The southern states have a host of socioeconomic hurdles to overcome, but there are certainly some bright spots in the region’s future. For some time now, mayors and governors have been looking to attract tech companies and workers to the area, and their efforts are now beginning to pay off. The city of Huntsville, Alabama has become something of a southern tech hub in recent years, with science, technology, engineering and mathematics (STEM) workers accounting for a remarkable 16.6 percent of the workforce.

Atlanta boasts more than 166,690 hi-tech workers, while Chattanooga has invested in superfast internet in order to lure tech companies to Tennessee. With these STEM workers earning good salaries, the hope is that this money will quickly pour back into the local economies, providing much needed support to public schools, health services and businesses.

Aside from these flourishing tech communities, the South also stands to benefit from a renewed interest in the region’s historic and contemporary culture. “Cultural tourism presents something of an economic opportunity for the South”, said Ownby. “Different pockets of the American South have things to offer that the rest of the world is interested in, such as Appalachian life, for example, or country music or the stories of the civil rights movement.”

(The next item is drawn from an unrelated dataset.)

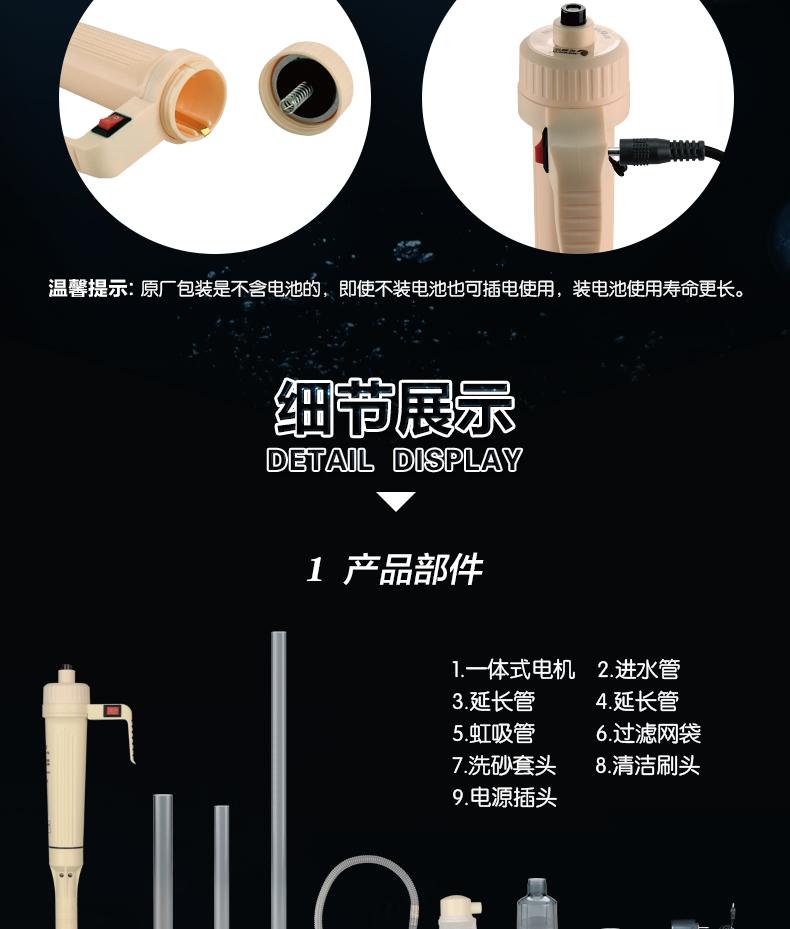 Estimado, la verdad es que no es pequeño. Quizás no haya quitado el cabezal de lavado de arena n.° 7 al aspirar excrementos de pescado. La función del cabezal de lavado de arena es dividir la fuerza de succión, lo que evita eficazmente que la arena sea aspirada.Nota: La arena de mar y la arena fina no son aptas para su uso.); Se recomienda quitar el accesorio No. 7, el cabezal de lavado de arena, al succionar excremento de pescado, y usar solo el tubo para succionarlo directamente

Moulded by a unique history and boasting a strong regional identity, the South has long exerted an influence over American popular culture. Now southern states are beginning to ask themselves how their local communities might be able to benefit from the lure of the South, and how to best promote cultural tourism as an attractive industry.

Goldman explained: “It’s not as if the American Dream is dead across the board – there’s some places that are doing very well and others that are doing very poorly.” Indeed, while the South might be struggling to boost upward mobility, the good news is that, across the US, there are some areas that are performing strongly. If social scientists can identify what makes cities such as Minneapolis and San Jose so good at propelling low-income children up the income ladder, then this can be applied to social planning strategies elsewhere.

From joblessness to diseases of despair, the South has a long list of economic woes to contend with. And yet the region has shown remarkable resilience and adaptability in the face of adversity. As local governments turn their attention to courting new industries and encouraging economic diversity, the southern states are beginning to dip their toes into much-needed new revenue streams. The American Dream might be fading, but the South is intent on keeping it alive.